··· INPUT FOR THIS TASK ···

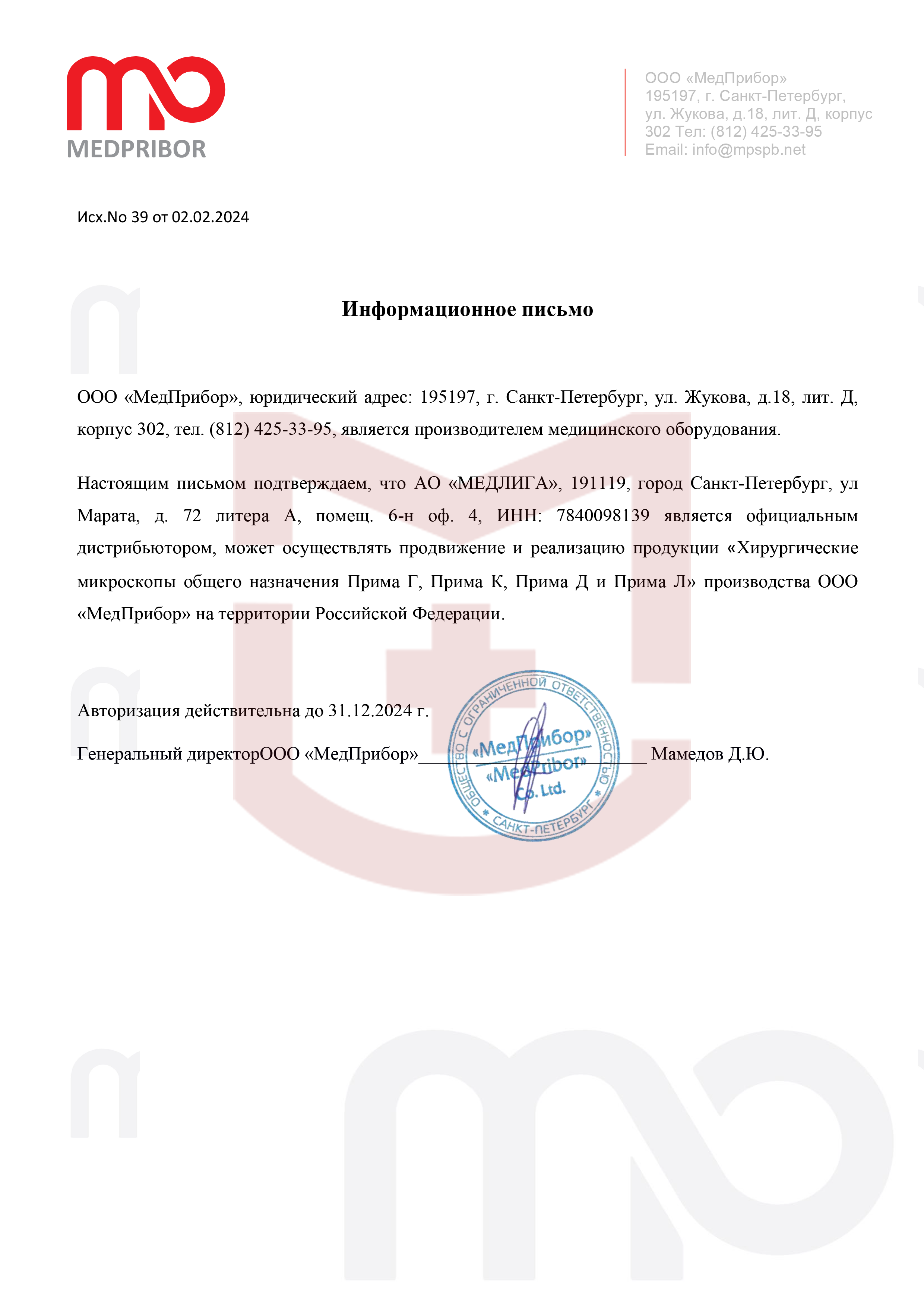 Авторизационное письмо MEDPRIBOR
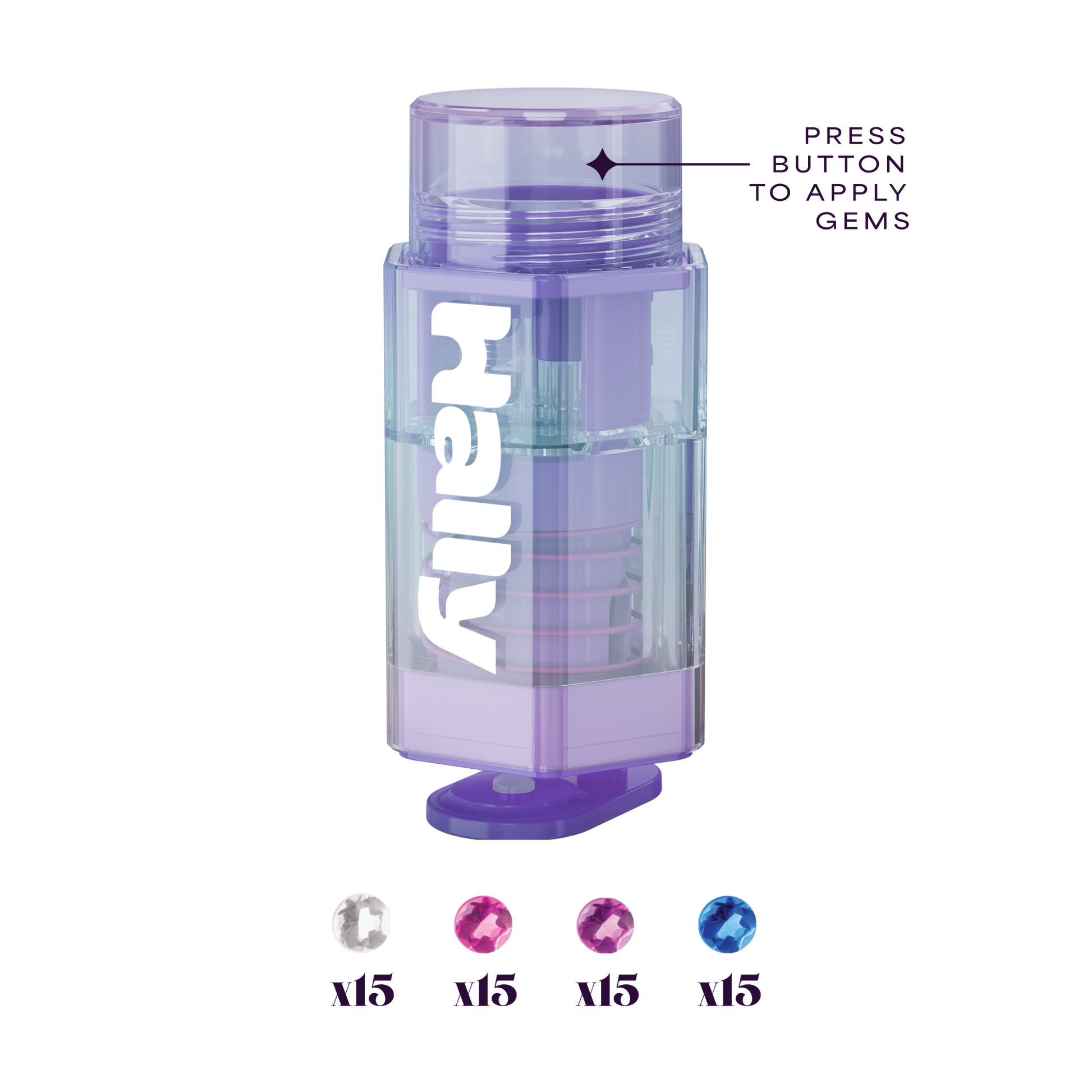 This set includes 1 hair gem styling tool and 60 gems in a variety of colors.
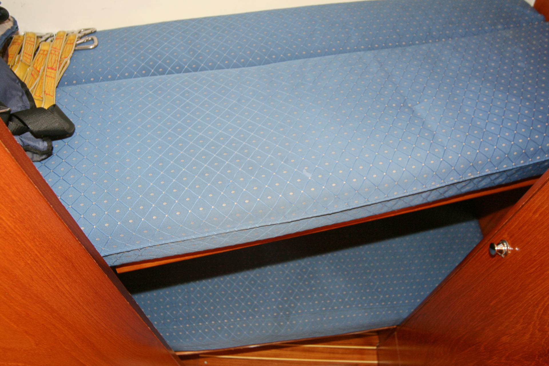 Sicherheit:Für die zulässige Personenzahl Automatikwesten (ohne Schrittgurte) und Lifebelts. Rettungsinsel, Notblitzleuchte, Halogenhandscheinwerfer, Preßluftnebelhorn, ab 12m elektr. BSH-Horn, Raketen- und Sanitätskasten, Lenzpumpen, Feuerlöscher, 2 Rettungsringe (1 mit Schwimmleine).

···
··· INPUT FOR THIS TASK ···

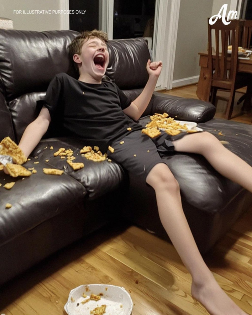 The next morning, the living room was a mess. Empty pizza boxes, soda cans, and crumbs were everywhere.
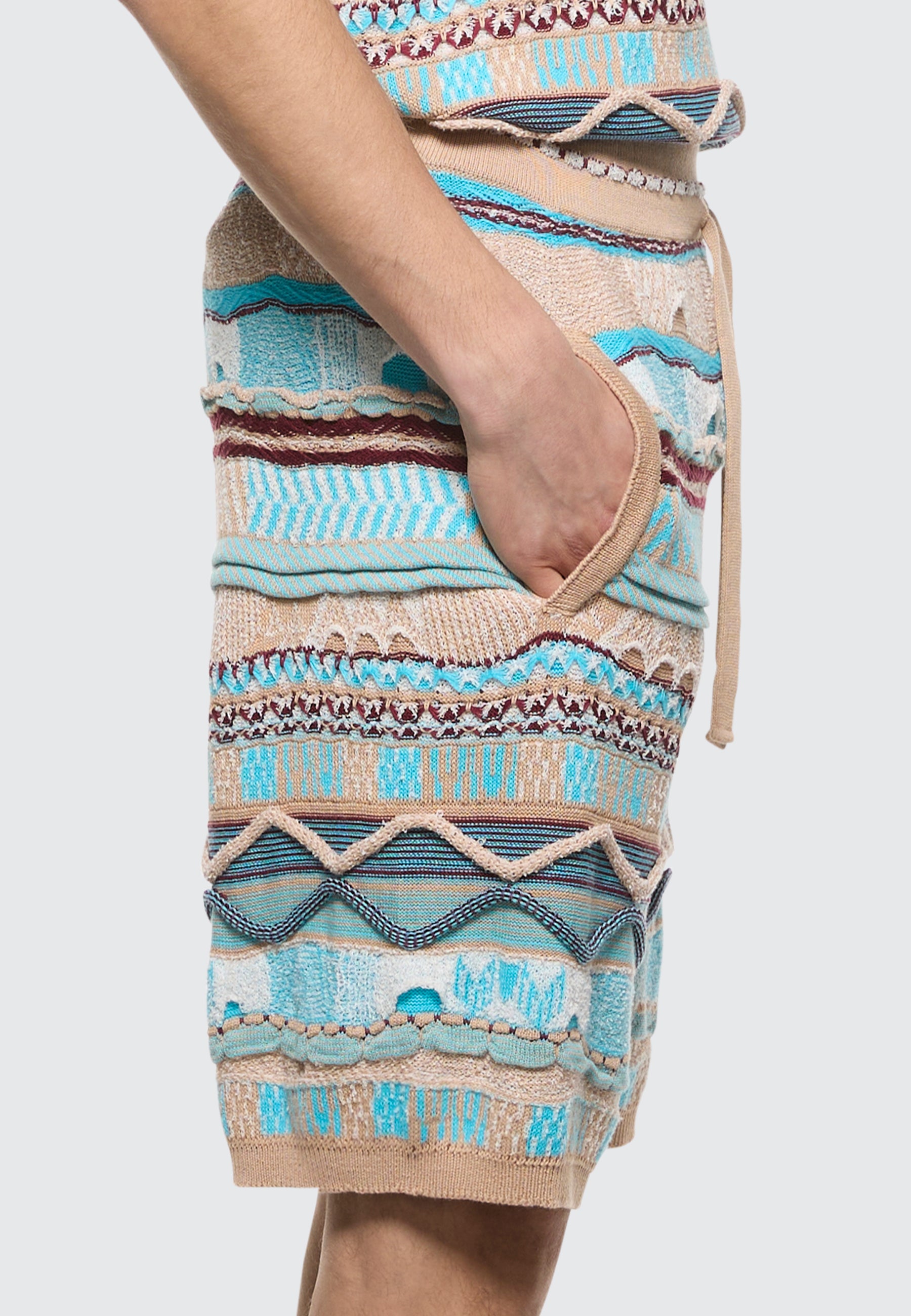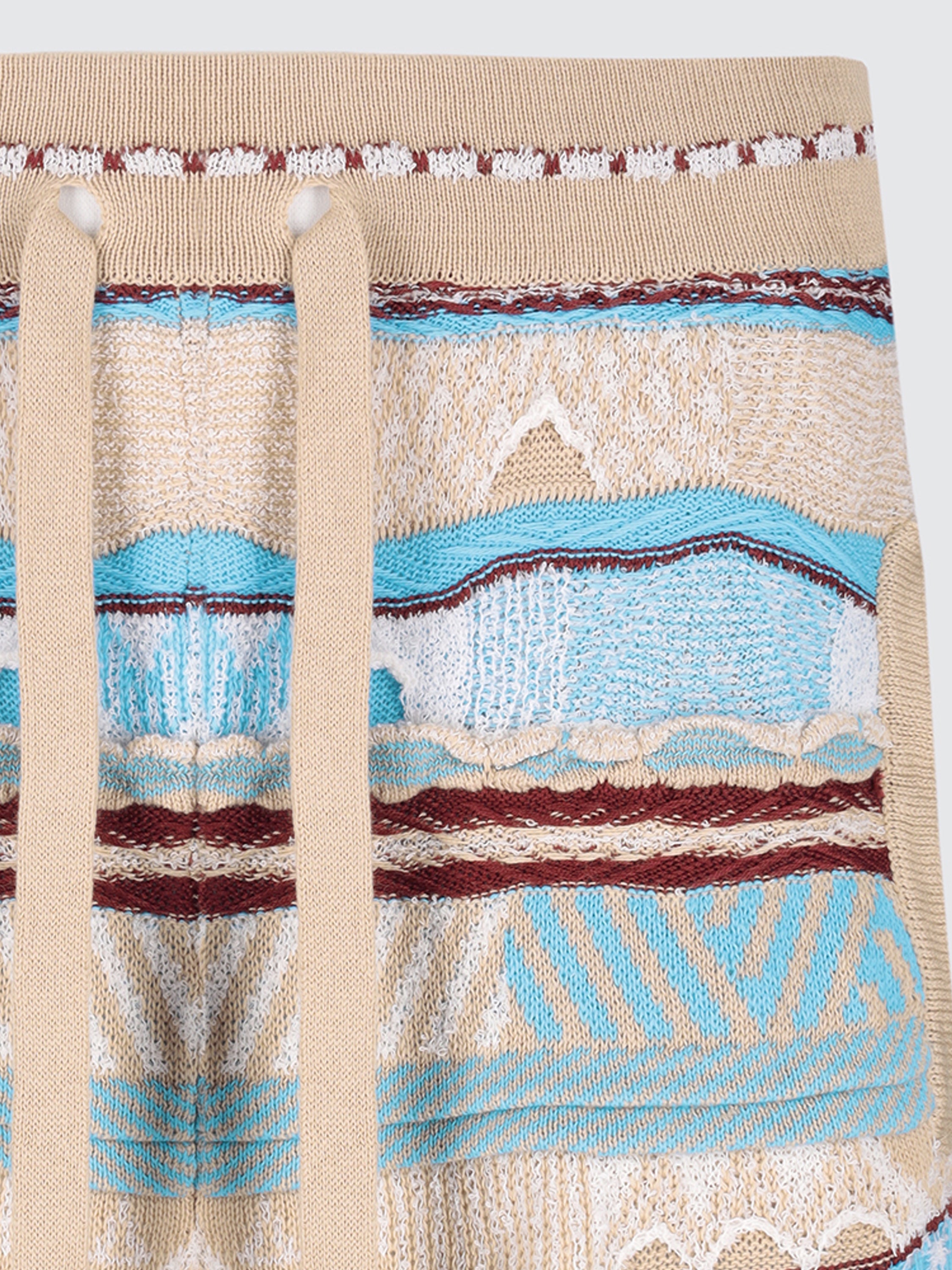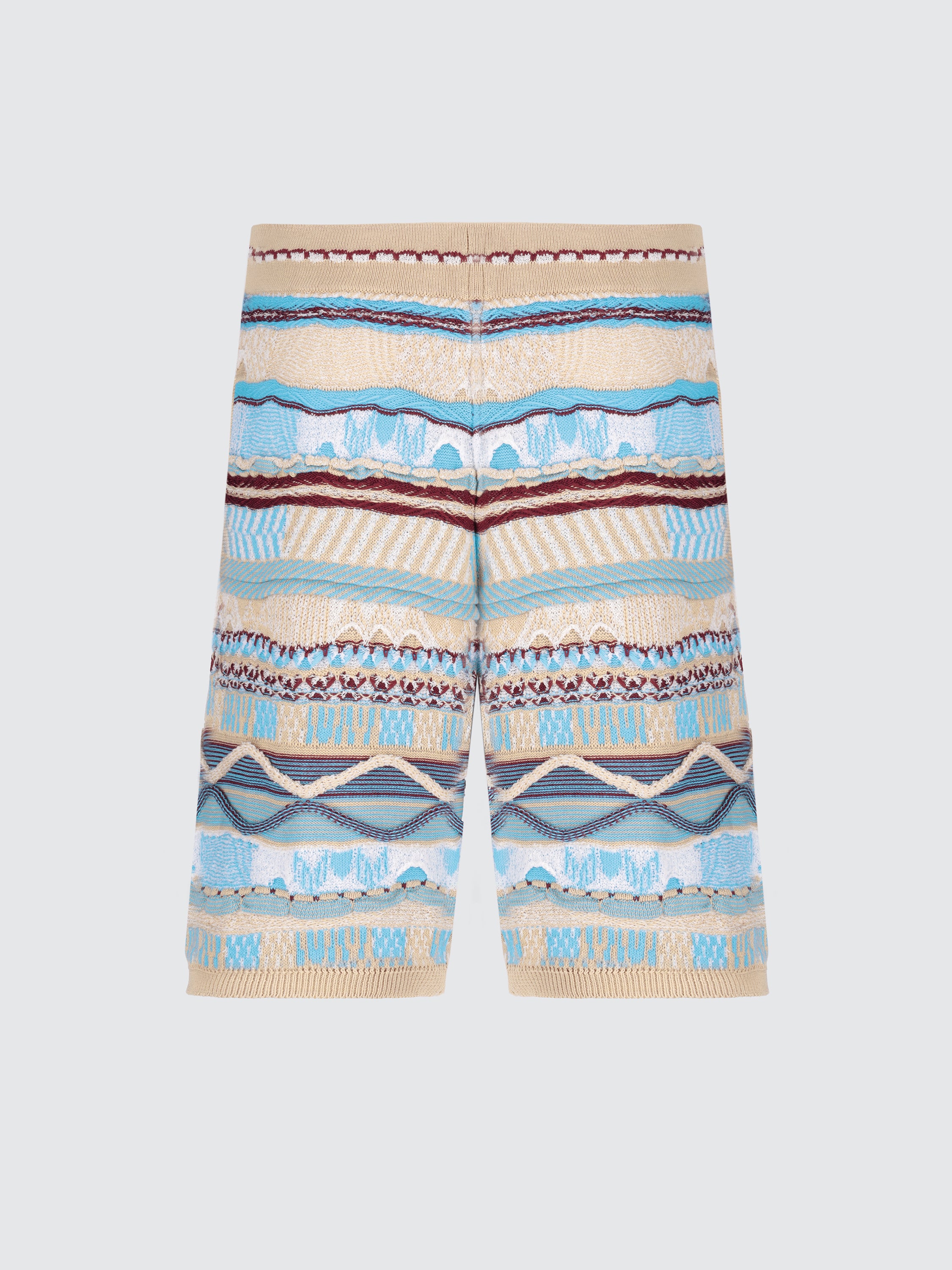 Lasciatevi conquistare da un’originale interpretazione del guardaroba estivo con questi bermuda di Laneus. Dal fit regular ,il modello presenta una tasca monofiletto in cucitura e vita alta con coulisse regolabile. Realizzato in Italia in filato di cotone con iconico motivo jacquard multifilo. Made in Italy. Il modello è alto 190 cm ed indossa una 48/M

···
··· INPUT FOR THIS TASK ···

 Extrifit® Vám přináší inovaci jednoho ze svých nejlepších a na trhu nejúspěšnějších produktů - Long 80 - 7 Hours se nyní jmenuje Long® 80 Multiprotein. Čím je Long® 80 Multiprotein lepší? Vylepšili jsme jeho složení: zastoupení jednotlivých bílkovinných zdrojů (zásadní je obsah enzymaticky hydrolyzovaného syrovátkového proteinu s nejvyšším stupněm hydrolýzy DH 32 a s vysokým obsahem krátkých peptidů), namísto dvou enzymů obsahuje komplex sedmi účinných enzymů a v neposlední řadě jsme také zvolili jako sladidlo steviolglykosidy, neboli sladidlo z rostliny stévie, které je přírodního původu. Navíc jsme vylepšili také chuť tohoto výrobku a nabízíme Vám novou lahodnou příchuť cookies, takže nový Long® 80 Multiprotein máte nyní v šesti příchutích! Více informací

···

> **BRIEF**
Within the listing above, the lines starting at the one containing "Авторизационное письмо MEDPRIBOR" and ending at the one containing "Sicherheit:Für die zulässige" are to be returned exactly. Omit the pictures.

> **RESPONSE AREA**
 Авторизационное письмо MEDPRIBOR
 This set includes 1 hair gem styling tool and 60 gems in a variety of colors.
 Sicherheit:Für die zulässige Personenzahl Automatikwesten (ohne Schrittgurte) und Lifebelts. Rettungsinsel, Notblitzleuchte, Halogenhandscheinwerfer, Preßluftnebelhorn, ab 12m elektr. BSH-Horn, Raketen- und Sanitätskasten, Lenzpumpen, Feuerlöscher, 2 Rettungsringe (1 mit Schwimmleine).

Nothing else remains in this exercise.